We distinguished canonical RDD (A-to-G and C-to-T) from non-canonical RDD (other base changes). As the sequencing process was not strand-specific, the complement bases of canonical changes were also considered as canonical (i.e. T-to-C and G-to-A).
When comparing our datasets before and after filtering, we observed a clear enrichment in canonical changes throughout successive filters, which was reassuring in terms of results accuracy (Fig 2). Before filtering, all possible base changes were represented, at a frequency ranging from 5% to 20% (Fig 2). Altogether, canonical base changes represented 50% of RDD candidates. After filtering, canonical base changes represented all modifications except one, at position chr6: 29787642. This non-canonical A-to-C position seemed to be the result of a misalignment involving an alternative splice-site.

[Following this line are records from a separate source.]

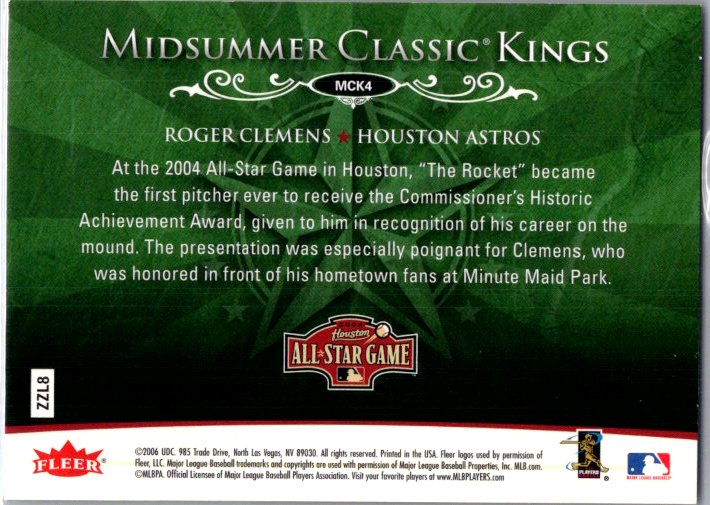 This is a really nice example of a 2006 Ultra #MCK4 Roger Clemens Midsummer Classic Kings.
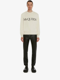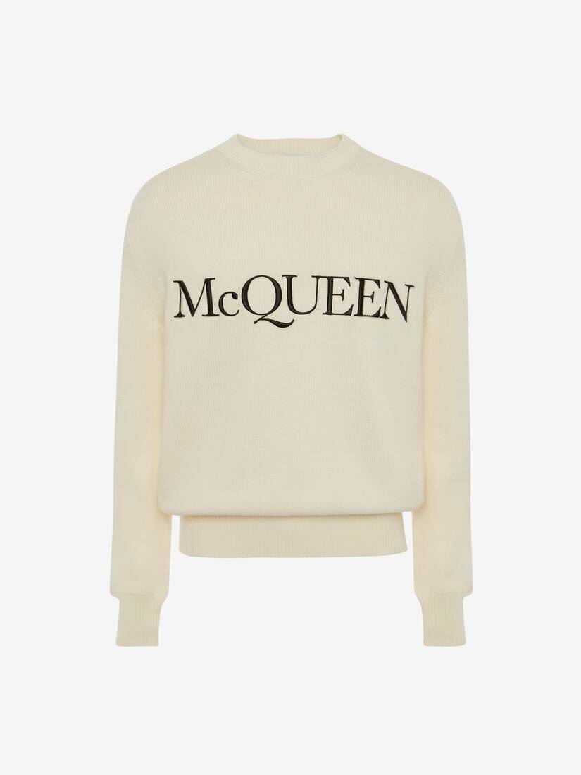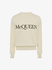 Ivory cotton crew-neck sweater with an embroidered McQueen signature. Material:100% Cotton Product Code:651184Q1XAY9241
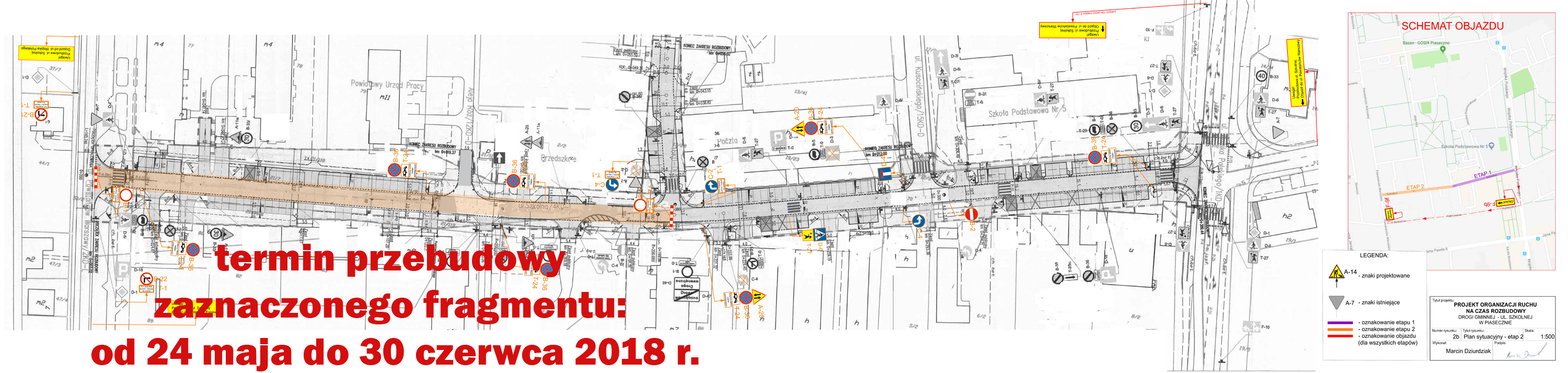 Od 24 maja 2018 roku rusza przebudowa ulicy Szkolnej w Piasecznie. Prace będą podzielone na 2 etapy. Planowane zakończenie remontu: 30 lipca. Szczegóły znajdują się na poniższych rysunkach oraz w załącznikach.
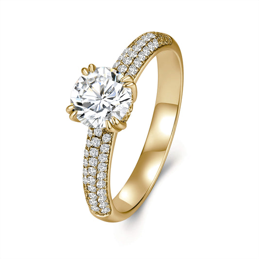 Solitaire Round Lab Diamond Ring with Pave Band in 18K Yellow Gold 6 Prong
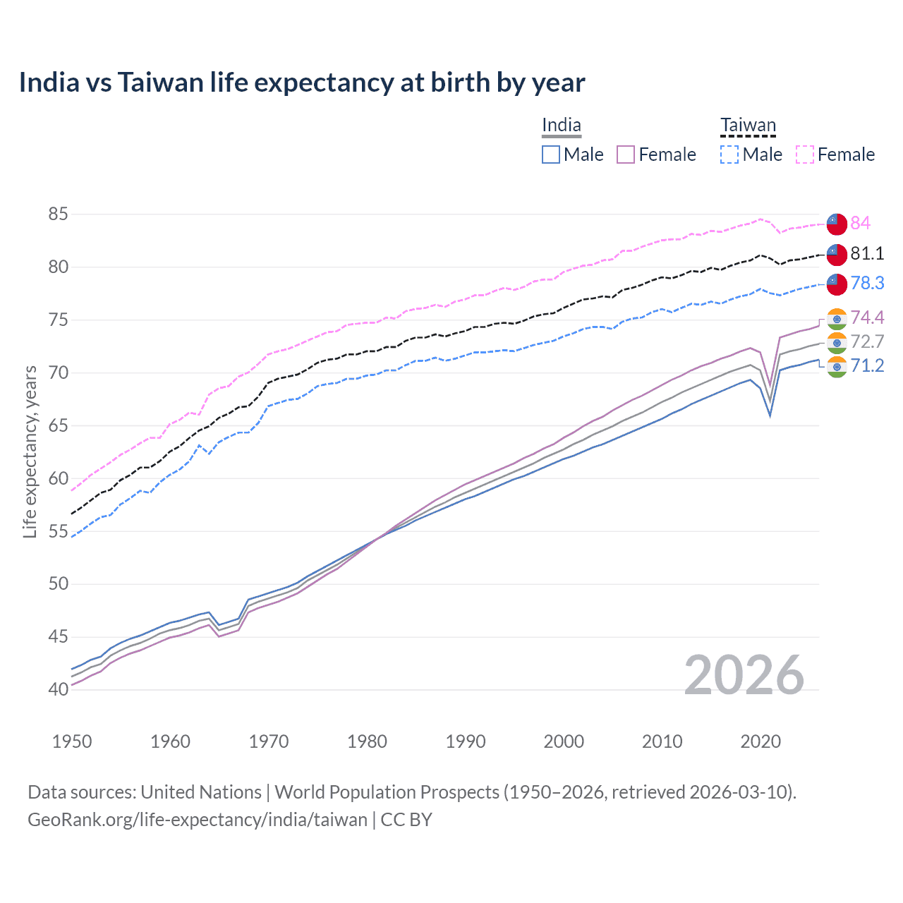 GeoRank.org/life-expectancy/india/taiwan | CC BY
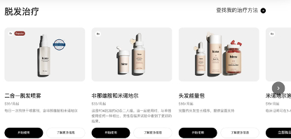 2017年成立的Hims,产品主要针对男性形象三大难以启齿问题:脱发、ED和痤疮,并提供远程医疗咨询等服务。
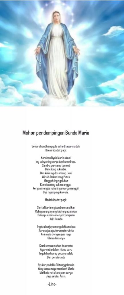 BERITAIMAN KATOLIK Mohon Perlindungan Bunda Maria By Lino Sanjoyo - August 15, 2023 0 902 views FacebookTwitterPinterestWhatsApp Santa Maria della Strada alias Dipamarga alias Samadi Klender. Mohon Perlindungan Bunda Maria.
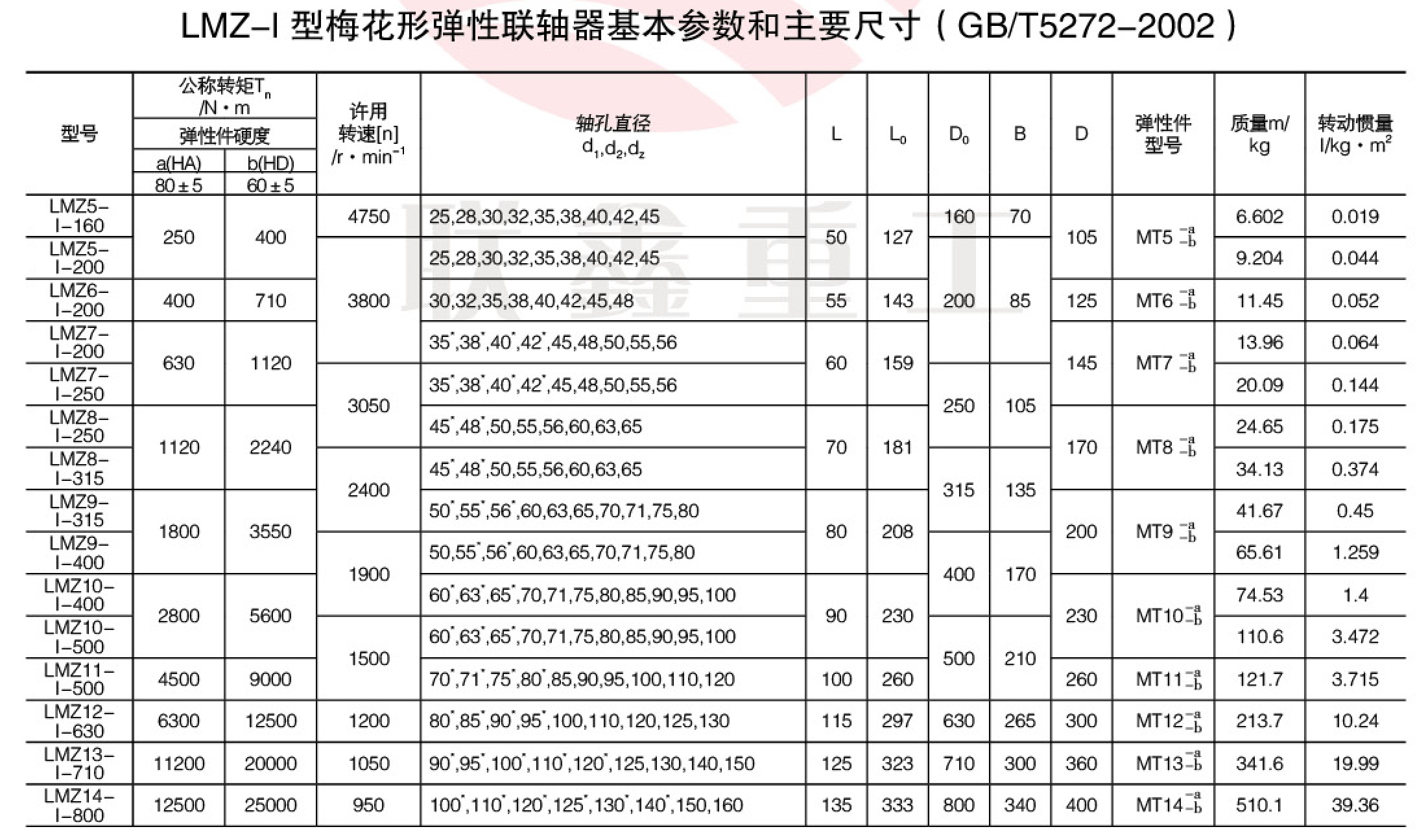 MLL-I(LMZ-I)梅花聯(lián)軸器 特點(diǎn)及應(yīng)用場(chǎng)合:具有補(bǔ)償兩軸相對(duì)偏移、減振、緩沖性能、徑向尺寸小,結(jié)構(gòu)簡(jiǎn)單、不用潤(rùn)滑、承載能力較高,維護(hù)方使、更換彈性元件需軸向移動(dòng) (MLS型除外),適用于聯(lián)接同軸線,起動(dòng)頻繁,正反轉(zhuǎn)變化,中速、中等轉(zhuǎn)矩傳動(dòng)軸系和要求工作可靠性高的工作部位。不適用于重載、低速及軸向尺寸受艱制,更換彈性元件后兩軸對(duì)中困難的部位。
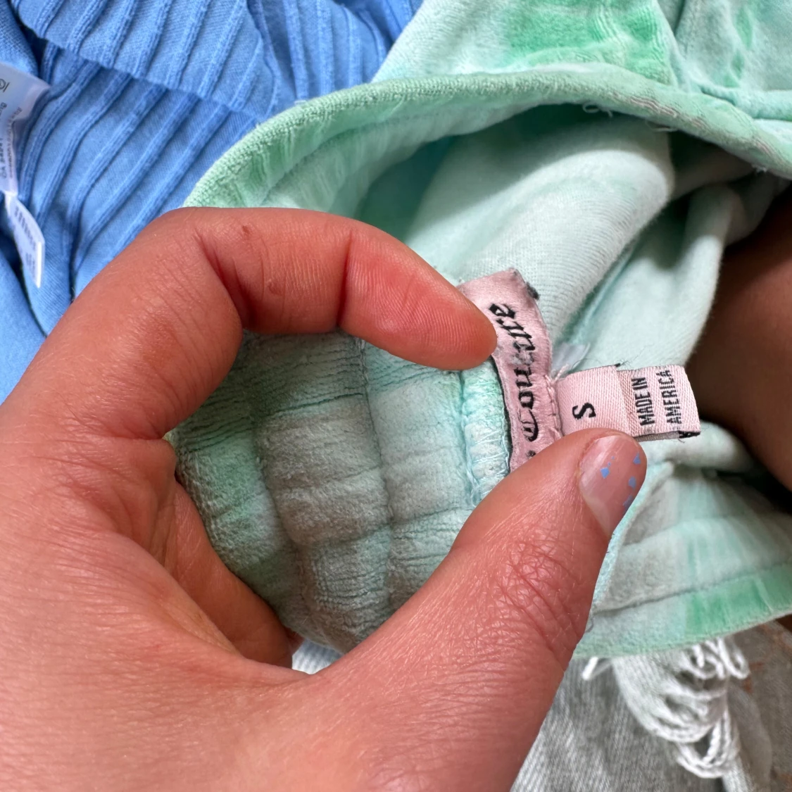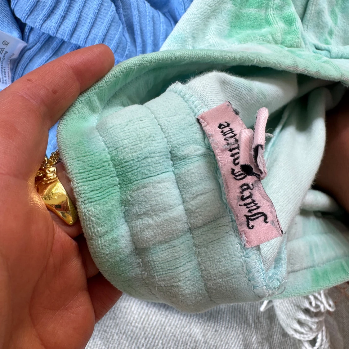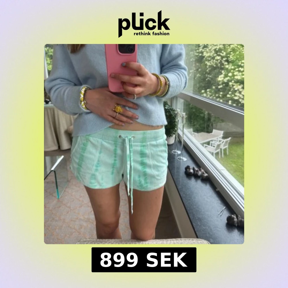 Supermjuka mintgröna shorts från Juicy Couture i frotté med ljusgrönt batikmönster. De har snörning i midjan, fickor fram och en liten JC-logga på ena fickan. Perfekta för chill dagar eller sommarhäng.

This position was selected for pyrosequencing validation.
Among the canonical modifications, we found only A-to-G or its complement T-to-C modifications, and no C-to-T conversion.
We then characterized the RDD candidates with regards to their putative functional features.
Functional RDD and tissue expression
Three RDD sites, located on CYFIP2, GRIA2 and COG3, were potentially functional, because these changes are non-synonymous, and thus potentially have deleterious effects on the encoded protein. Most of the remaining candidates are located in gene introns, upstream or downstream regions of genes (Table 2, Fig 3).
By using 5 different in silico predictors of the amino-acids substitutions’ putative effects, we showed that none of the 3 non-synonymous substitutions was likely to be deleterious (Table 3). These substitutions were localized in highly conserved regions of the proteins (S1 Fig). A striking observation is that the K/E editing site affecting the CYFIP2 gene changes an amino-acid conserved between all examined vertebrate species into an amino-acid which is coded without editing by the genomic sequence of Ray-finned fishes.
Characterization of candidates
We designed primers for 14 RDD candidates corresponding to 9 genomic regions, comprising missense variants, intron, upstream or downstream regions, intergenic positions, and the remaining non-canonical modification. We first confirmed the homozygous status of the 14 selected RDD sites in DNA by Sanger sequencing. Their RDD status was then tested by pyrosequencing, and 13 RDD candidates were confirmed as edited loci (Fig 4). It is interesting to note that the unique site not validated by pyrosequencing corresponds to the non-canonical RDD candidate.
A: Example of a canonical RDD (T-to-C) at position chr2: 86000926. The sequence is in reverse-complement. The RDD status is confirmed by pyrosequencing (A: 53%—G: 47%). B: Example of a non-canonical RDD (A-to-C) at position chr6: 29787642. The alternative nucleotide is not detected (A:100%—C: 0%).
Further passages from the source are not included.